Problem to work on – With the pictures omitted, repeat exactly the lines below starting with the line that has "Декоративные цветы на абстрактном фоне. Лето" and going on through the line that has "就业技能培训补贴是合肥市33".

Record set –
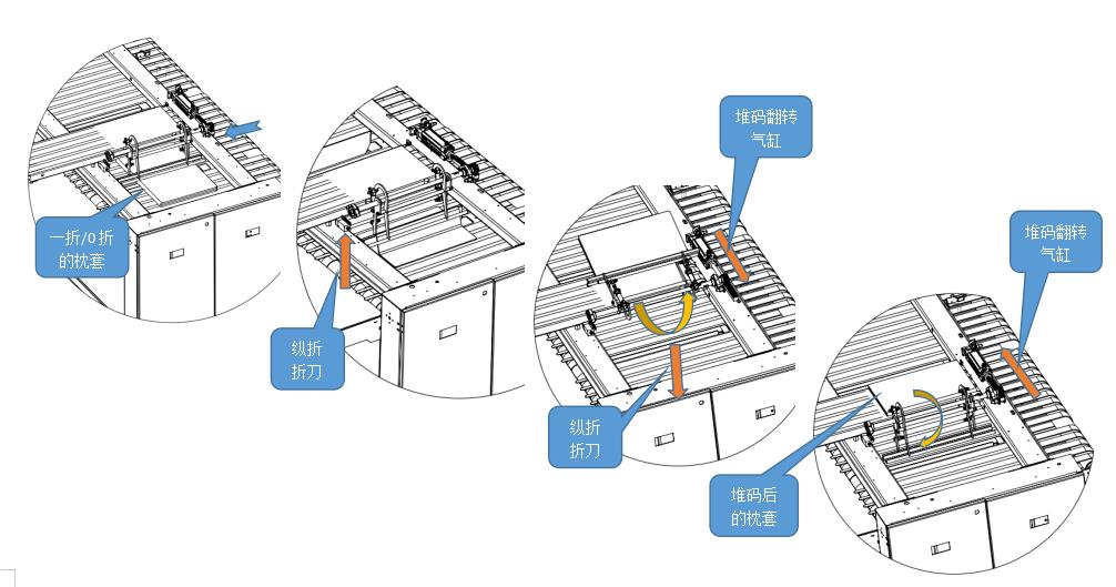 2,縱折同時完成對枕套的堆碼,整理打包的操作人員1人即可完成,可節省2-3個人的人工;
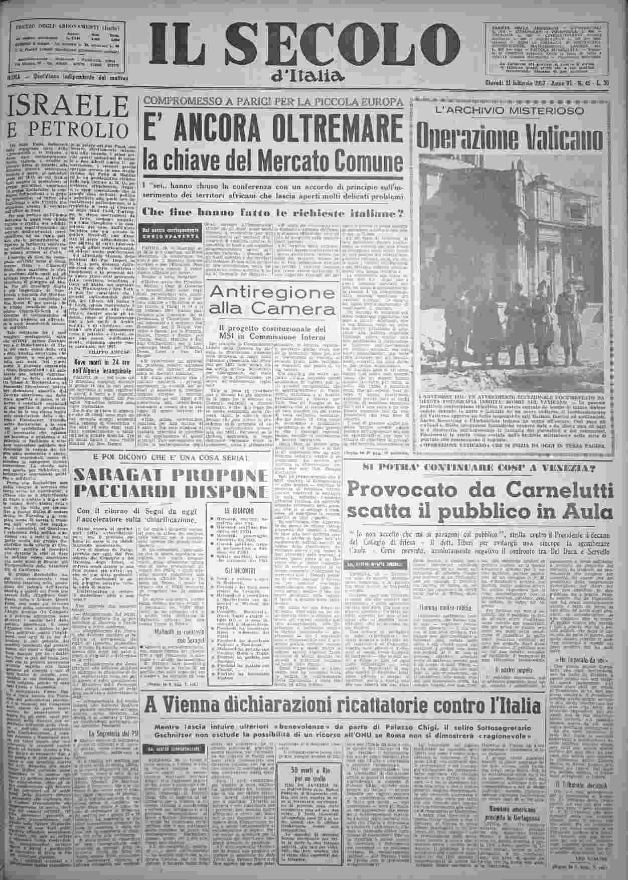 giovedì 21 febbraio 1957
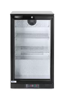 Iceboxóbar s objemem 118 litrů Pro nápoje v lahvích. Chladnička je vybavena dvěma chromovanými pónoži.  LED osvětlení prostoru. Elektronický termostat. Digitální ukazatel teploty. Statické chlazení, kterému navíc napomáhá ventilátor. Černě lakované ocelové pouzdro. Dveře z tvrzeného skla v plastovém rámu  se zámkem. Vnitřek komory z extrudovaného hliníku.
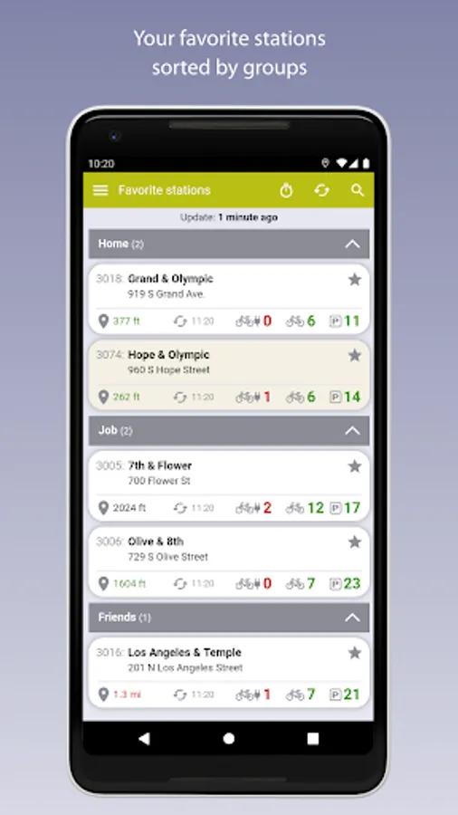 - List of favorite stations categorized by groups (home, work, friends or general).
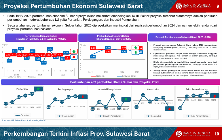 Proyeksi Pertumbuhan Ekonomi Sulawesi Barat Pada Tw IV 2025 pertumbuhan ekonomi Sulbar diproyeksikan melambat dibandingkan Tw III. Faktor proyeksi tersebut diantaranya adalah perkiraan pertumbuhan moderat beberapa LU yaitu Pertanian, Perdagangan, dan Industri Pengolahan
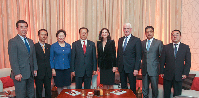 5月8日晚,集團張學武董事長、姜巖總經理在北京出席「中國迪拜周」歡迎晚會,并與此次活動發(fā)起方、迪拜酋長戰(zhàn)略咨詢顧問——獵鷹國際CEO等迪拜有關機構公司代表就進一步合作舉行會談。
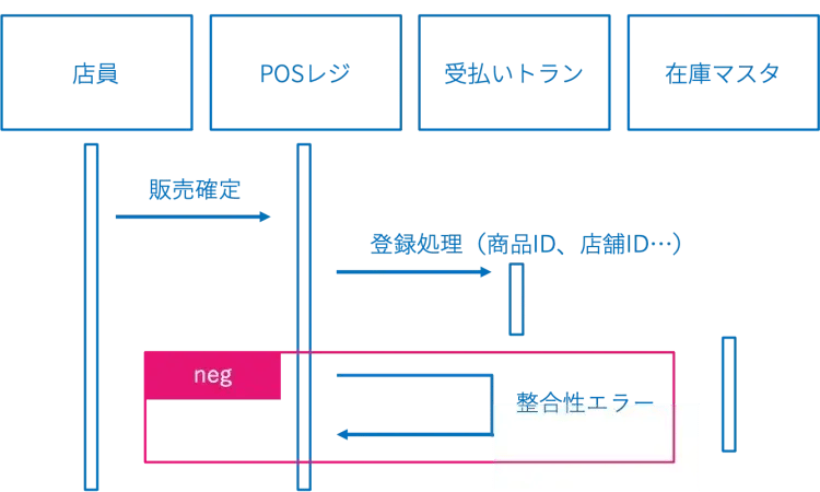 否定処理が使用されるケースとしては、在庫管理システムで在庫マスタの更新を行う際に、通常の処理手順では整合性が取れない場合などに整合性エラーを返す処理等が挙げられます。
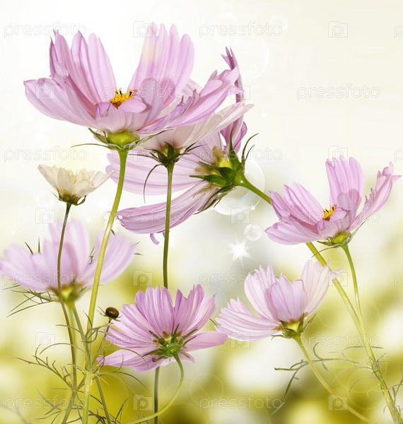 Декоративные цветы на абстрактном фоне. Лето
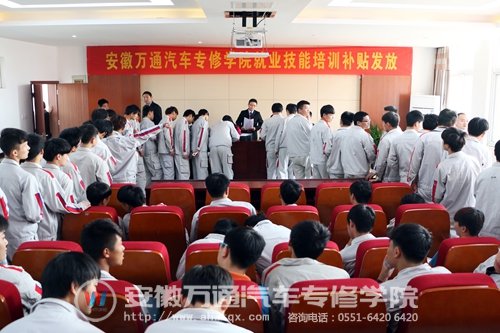 就业技能培训补贴是合肥市33项民生工程之一,安徽万通汽车专修学院凭借多年规范办学、诚信办学的结果荣获“合肥市就业技能培训定点机构”,是新站区唯一一家专业汽修培训定点机构,经培训考试合格后的学生可领取由政府出资的700-1200元不等的补助。我院凭借强大的师资力量和实战实训的教学模式,考试合格率达100%。
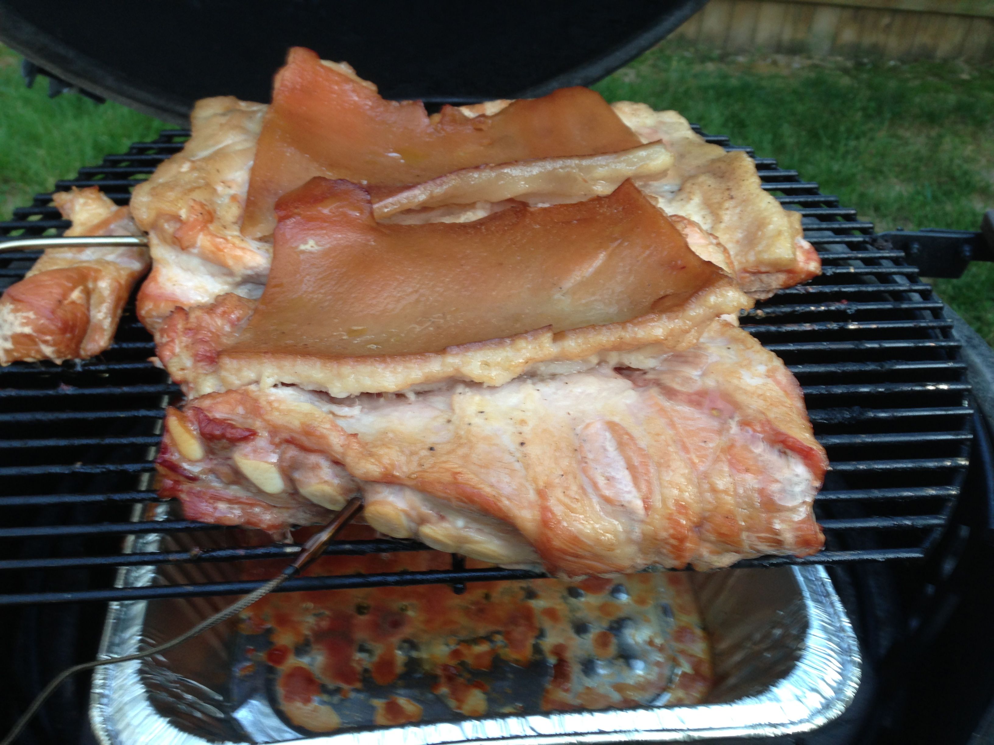 So he brought me a whole pork belly from the supermarket.  I am not a butcher, nor am I a charcuturie expert, but I can cook to IT and what the heck - smoke makes it all taste good!  This was the process - sliced the pork belly in half.  Cut the hide/skin off the top while preserving as much of the fat cap as possible.  cooked to internal temperature of 145 then pulled.  Refrigerated for 48 hours, sliced very thin and my neighbor cooked on his gasser grill (heresy!) until crispy.  It was fantastic.

Result of this task –
 Декоративные цветы на абстрактном фоне. Лето
 就业技能培训补贴是合肥市33项民生工程之一,安徽万通汽车专修学院凭借多年规范办学、诚信办学的结果荣获“合肥市就业技能培训定点机构”,是新站区唯一一家专业汽修培训定点机构,经培训考试合格后的学生可领取由政府出资的700-1200元不等的补助。我院凭借强大的师资力量和实战实训的教学模式,考试合格率达100%。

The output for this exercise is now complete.